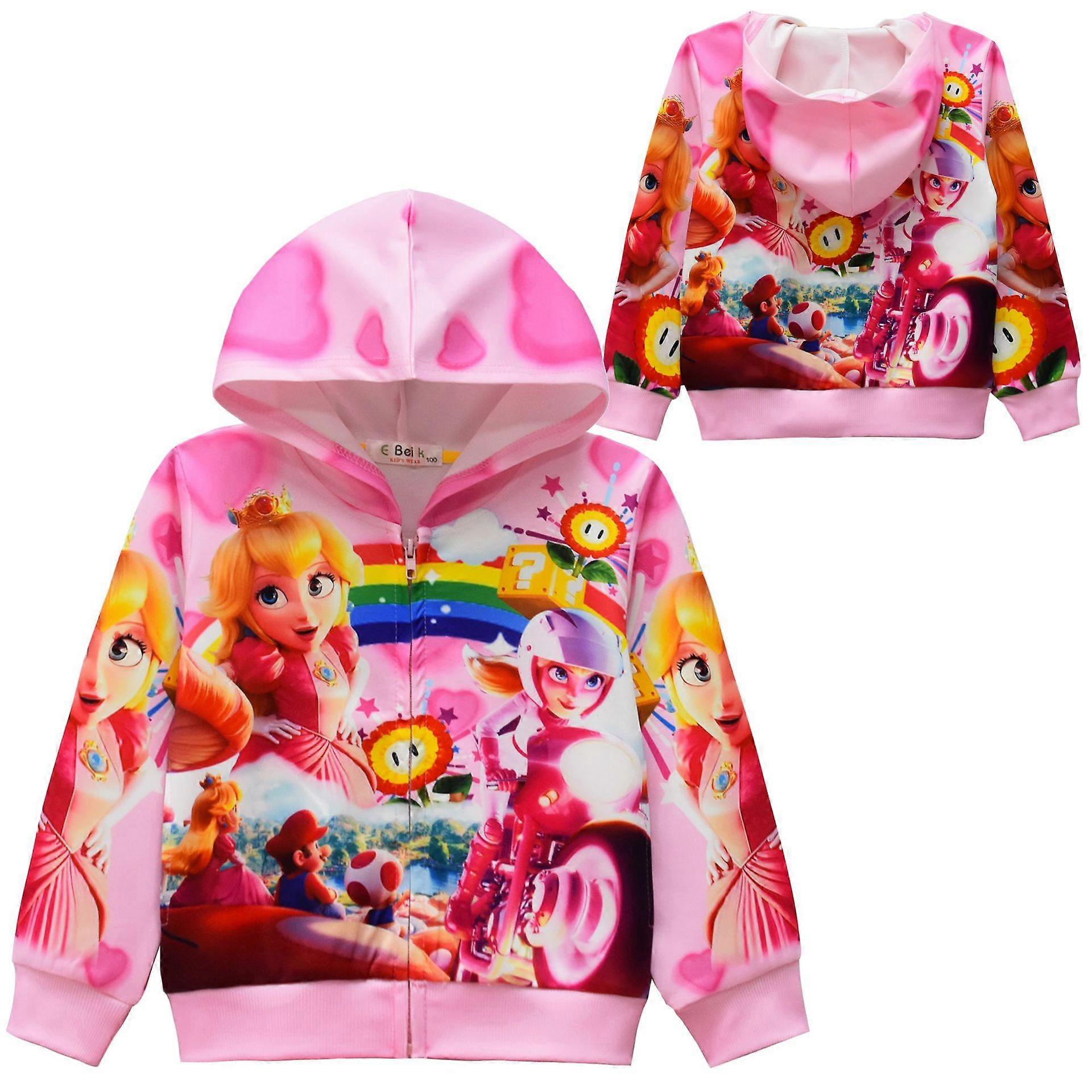 Super Mario Bros Princess Peach Coat Zip Up Hooded Hoodie Kids Girls Jacket Casual Long Sleeve Outerwear
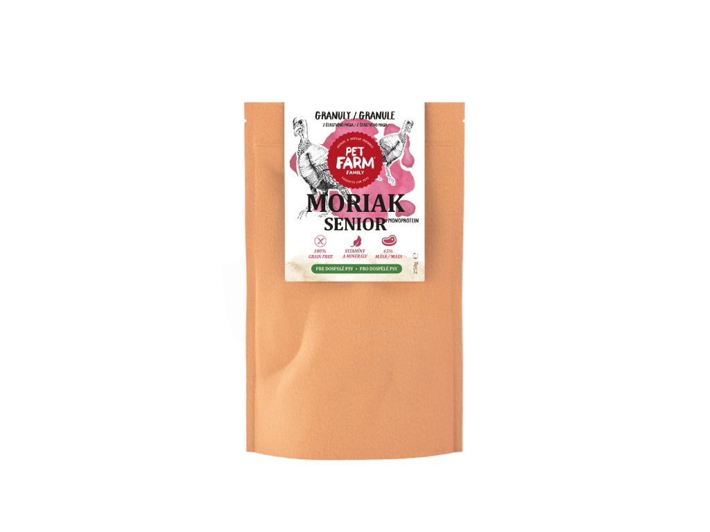 Kompletní krmivo pro psy. Granule z krůtího masa z free-range farem a vepřového masa. Vyvážený poměr bílkovin, sacharidů a tuků pro dostatek energie a prospívání. Přirozeně se vyskytující kolagen pomáhá udržovat zdravé klouby a kůži. Vybraná směs ovoce a zeleniny podporuje trávení a udržení zdravé hmotnosti a čisté svalové hmoty u starších psů.
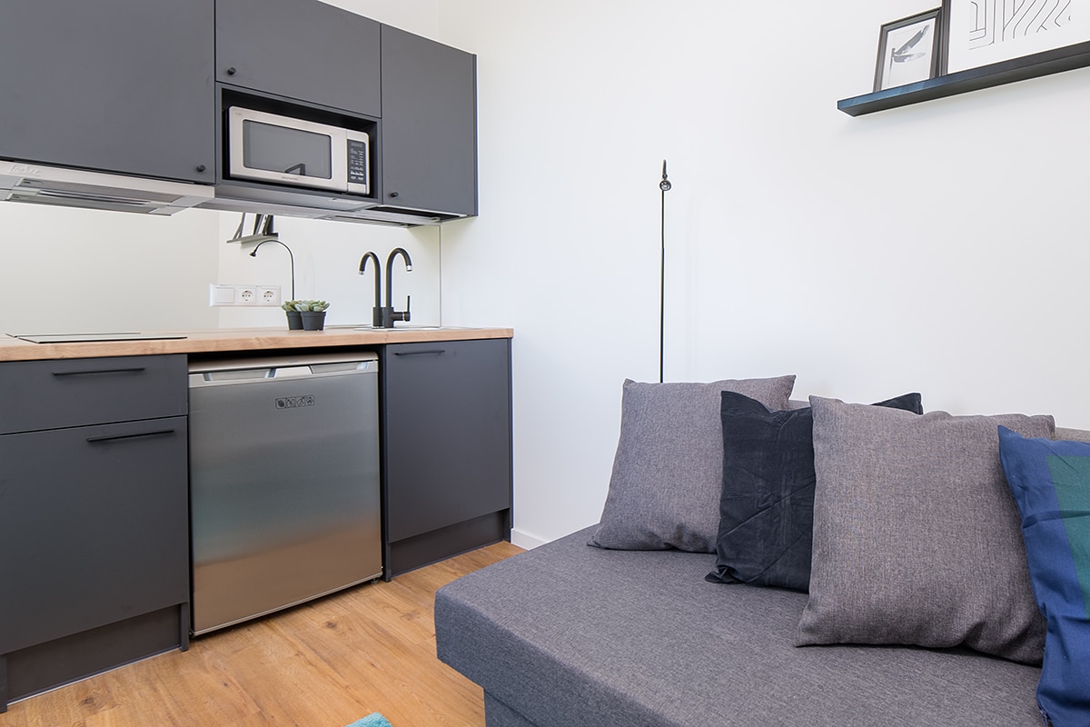 The space is a comfortable, all necessities included, studio apartment. The living space features a foldable bed, where two people can comfortably spend the night. You will have access to your personal fully equipped kitchen as well as personal bathroom with a shower. There is plenty of space to store your belongings and to ensure privacy, all windows have adjustable blinds.
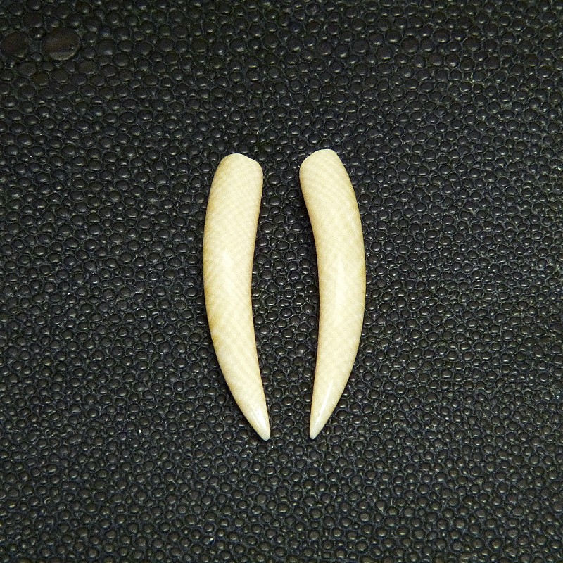 Sie erhalten 1 Paar (2 Stück) Stoßzähne aus Mammutelfenbein mit einer Länge von ca. 32 mm.
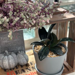 ガーデンルームの中 何年か前にdiyしたキャベツBOXの中 でひっそりハロウィン🎃 カリシアロザート フィカスバーガンディー(黒ゴムの木)
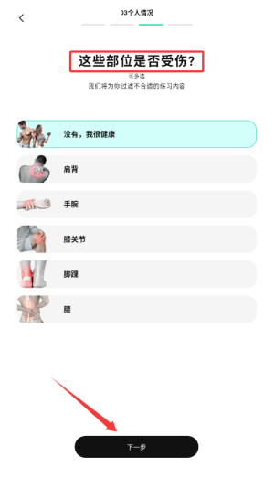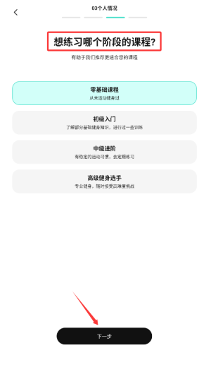 1、注册时完成体能评估问卷,包括运动基础、可用器械等信息,获取初始计划。
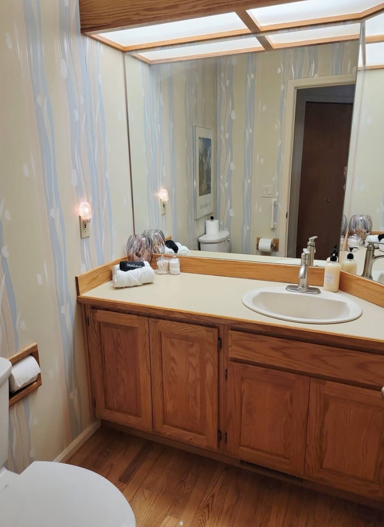 We’ll do an investigative report on the bathroom wallpaper. Or wait, is that just unfinished walls, with seams and patchwork? Or is that the wallpaper? We are on it.
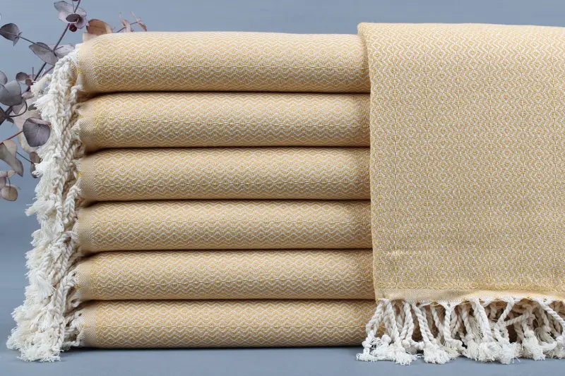Crafted using Turkish cotton, each towel is woven from 100% organic fibers, ensuring high absorbency and durability. Characterized by dimensions of 40x70 inches or 100x180 centimeters, the towels weigh between 425 to 475 grams. Weaving tolerances of ±2 inches or 5 centimeters are expected, resulting in consistent quality.
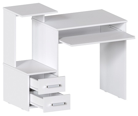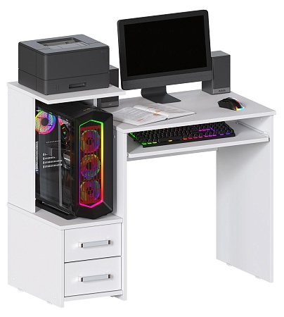 Компактный компьютерный стол шириной 100 см, в актуальном Белом цвете. Есть место под системный блок. Эргономичная конструкция обеспечивает столу отличную функциональность. Стол Джаз-24 оснащен полкой под клавиатуру, двумя выдвижными ящиками, местом под системный блок и полкой для оргтехники. Джаз-24 можно использовать как стол для ноутбука. В этом случае место под системный блок будет служить полкой для любых вещей.
--
- TASK OBJECTIVE
Exclude images. Return the data above verbatim.

- EXERCISE RESPONSE
 Super Mario Bros Princess Peach Coat Zip Up Hooded Hoodie Kids Girls Jacket Casual Long Sleeve Outerwear
 Kompletní krmivo pro psy. Granule z krůtího masa z free-range farem a vepřového masa. Vyvážený poměr bílkovin, sacharidů a tuků pro dostatek energie a prospívání. Přirozeně se vyskytující kolagen pomáhá udržovat zdravé klouby a kůži. Vybraná směs ovoce a zeleniny podporuje trávení a udržení zdravé hmotnosti a čisté svalové hmoty u starších psů.
 The space is a comfortable, all necessities included, studio apartment. The living space features a foldable bed, where two people can comfortably spend the night. You will have access to your personal fully equipped kitchen as well as personal bathroom with a shower. There is plenty of space to store your belongings and to ensure privacy, all windows have adjustable blinds.
 Sie erhalten 1 Paar (2 Stück) Stoßzähne aus Mammutelfenbein mit einer Länge von ca. 32 mm.
 ガーデンルームの中 何年か前にdiyしたキャベツBOXの中 でひっそりハロウィン🎃 カリシアロザート フィカスバーガンディー(黒ゴムの木)
 1、注册时完成体能评估问卷,包括运动基础、可用器械等信息,获取初始计划。
 We’ll do an investigative report on the bathroom wallpaper. Or wait, is that just unfinished walls, with seams and patchwork? Or is that the wallpaper? We are on it.
Crafted using Turkish cotton, each towel is woven from 100% organic fibers, ensuring high absorbency and durability. Characterized by dimensions of 40x70 inches or 100x180 centimeters, the towels weigh between 425 to 475 grams. Weaving tolerances of ±2 inches or 5 centimeters are expected, resulting in consistent quality.
 Компактный компьютерный стол шириной 100 см, в актуальном Белом цвете. Есть место под системный блок. Эргономичная конструкция обеспечивает столу отличную функциональность. Стол Джаз-24 оснащен полкой под клавиатуру, двумя выдвижными ящиками, местом под системный блок и полкой для оргтехники. Джаз-24 можно использовать как стол для ноутбука. В этом случае место под системный блок будет служить полкой для любых вещей.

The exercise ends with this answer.